To find out how the pandemic impacted this kind of spending, MagnifyMoney surveyed 1,550 Americans on what vices people were spending on — and what money they used to do so.

Key Findings:

  • 70% of consumers have spent money on at least one financial vice during the pandemic — especially alcohol, cigarettes, and lottery tickets.
  • Men and those laid off or furloughed amid the pandemic are spending more on adult entertainment. 26% of men and 28% of those who were laid off or furloughed said they’re spending more on adult entertainment, such as OnlyFans, than they were before the pandemic.
  • Americans spent $946 — on average — on vices in 2020. 45% of consumers feel guilty about spending that money, and those who were laid off or furloughed feel significantly more guilty than those who didn’t lose income.
  • 46% of those who spent money on a vice in 2020 said they sometimes opted to spend money on the vice rather than put the money in savings. Separately, 38% went a step further and pulled money from their savings account to cover a vice.
  • Some consumers who struggled the most during the pandemic have taken on debt for their vice, including 33% who were laid off or furloughed, 26% of millennials and 21% of Gen Zers. Across all respondents, 17% went into debt for a vice within the past year.
  • About a third of those who spent money on vices in 2020 said that spending translated to an argument with a loved one.
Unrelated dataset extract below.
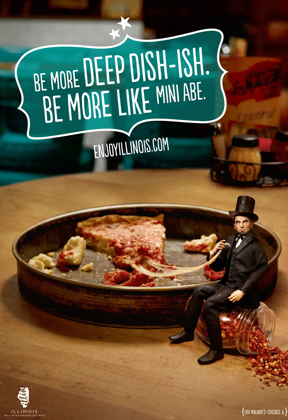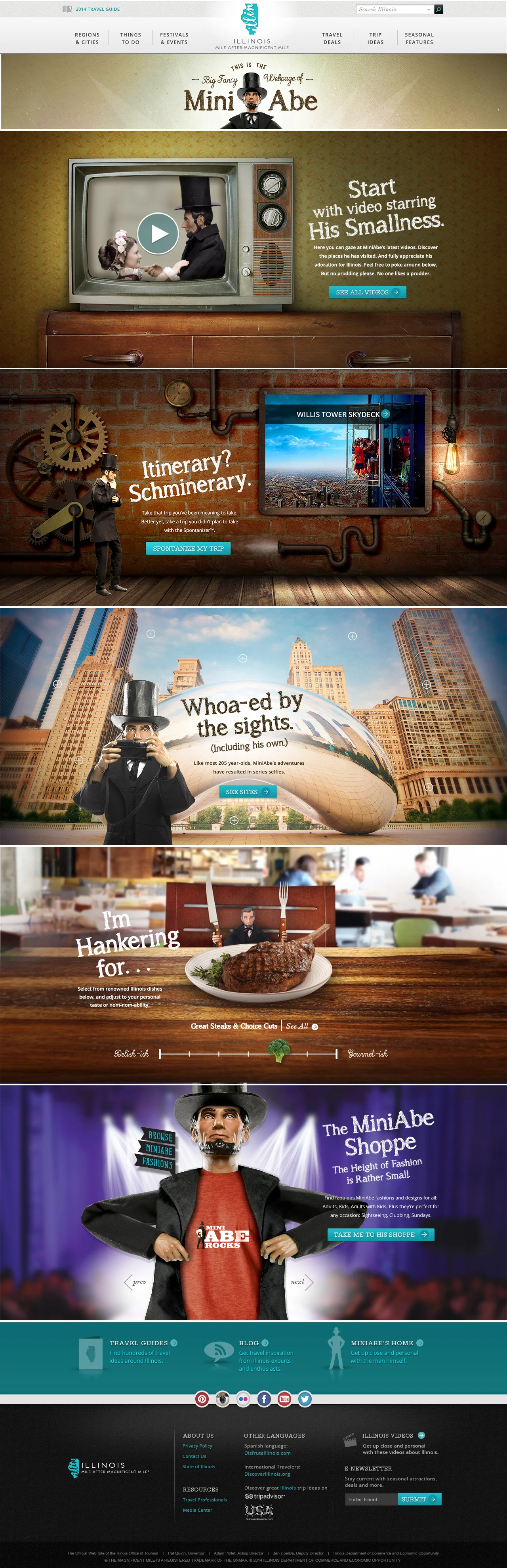 Illinois has a lot of tough competition when it comes to attracting Midwest visitors. With Wisconsin and its vast wilderness to the North and Michigan with all of its beautiful lakes to the East. We needed a campaign that could embody all of our diverse offerings and stand out as being unmistakably Illinois. MiniAbe delivered in a big way.

For example, 26% of millennials and 24% of men argued with a romantic partner or spouse, while 24% of Gen Zers argued with a friend.
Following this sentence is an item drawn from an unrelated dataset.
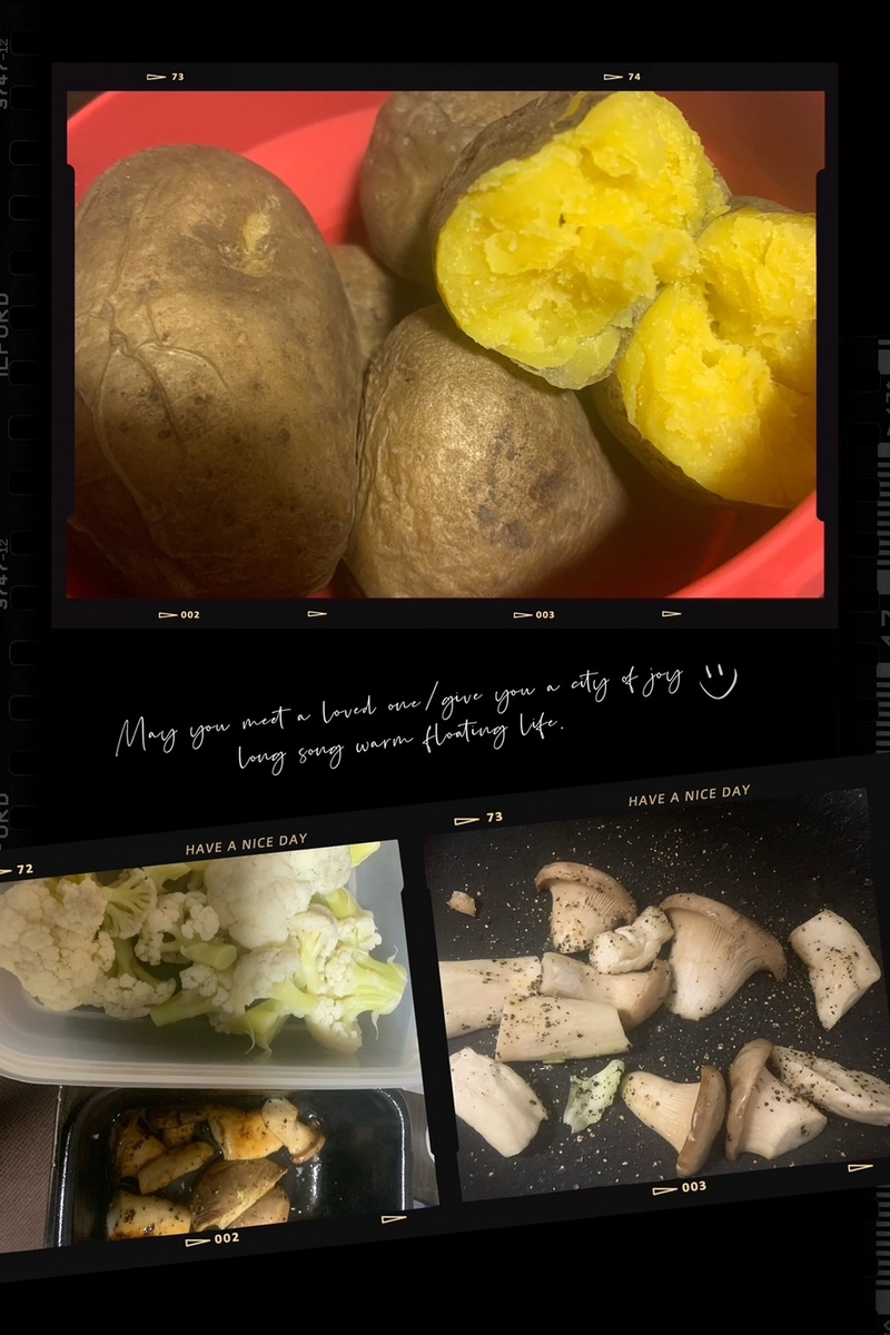 - 夜 キノコ汁、インカのめざめ(じゃがいも)マヨ付き、カリフラワー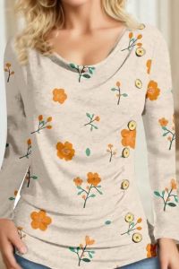 " the changing seasons in style with our Women's Spring and Autumn Artistic Retro Print Round Neck Pullover. This stylish top showcases a unique retro print that will make you stand out in any crowd. The high-quality fabric ensures breathability and comfort, allowing you to wear it all day long without feeling stuffy. The pullover features a round neck and is with large decorative buttons that provide a distinctive . Whether you're at work, enjoying your , or traveling, this pullover is a versatile choice. It's also easy to care for, allowing for normal hand or machine washing. Please note that the pullover runs true to size and we recommend referring to the size chart before making a purchase. This women's pullover is not a clothing item but also a to your unique taste and style."

“People have just been bombarded by stress continuously for the past year, and many people lean on their vices to help them through really difficult times,” said Matt Schulz, LendingTree’s chief credit analyst. “It’s troubling because these vices can often do far more damage than good, but I also totally understand why people fall back on them.”

“By going into debt over your vices, you’re simply creating multiple problems for yourself while trying to solve another one,” Schulz said. “Instead of leaning on one of those unhealthy, costly vices, consider alternatives like exercise, meditation, reading, writing or other things that you might be passionate about that can consume your time and relieve stress. Ultimately, your body, your wallet and your family will be glad you did.”


MagnifyMoney commissioned Qualtrics to field an online survey of 1,550 Americans, conducted Jan. 8-11, 2021. The survey was administered using a non-probability-based sample, and quotas were used to ensure the sample base represented the overall population. All responses were reviewed by researchers for quality control.

We defined generations as the following ages in 2021:

  • Generation Z: 18 to 24
  • Millennial: 25 to 40
  • Generation X: 41 to 55
  • Baby boomer: 56 to 75

While the survey also included consumers from the silent generation (defined as those 76 and older), the sample size was too small to include findings related to that group in the generational breakdowns.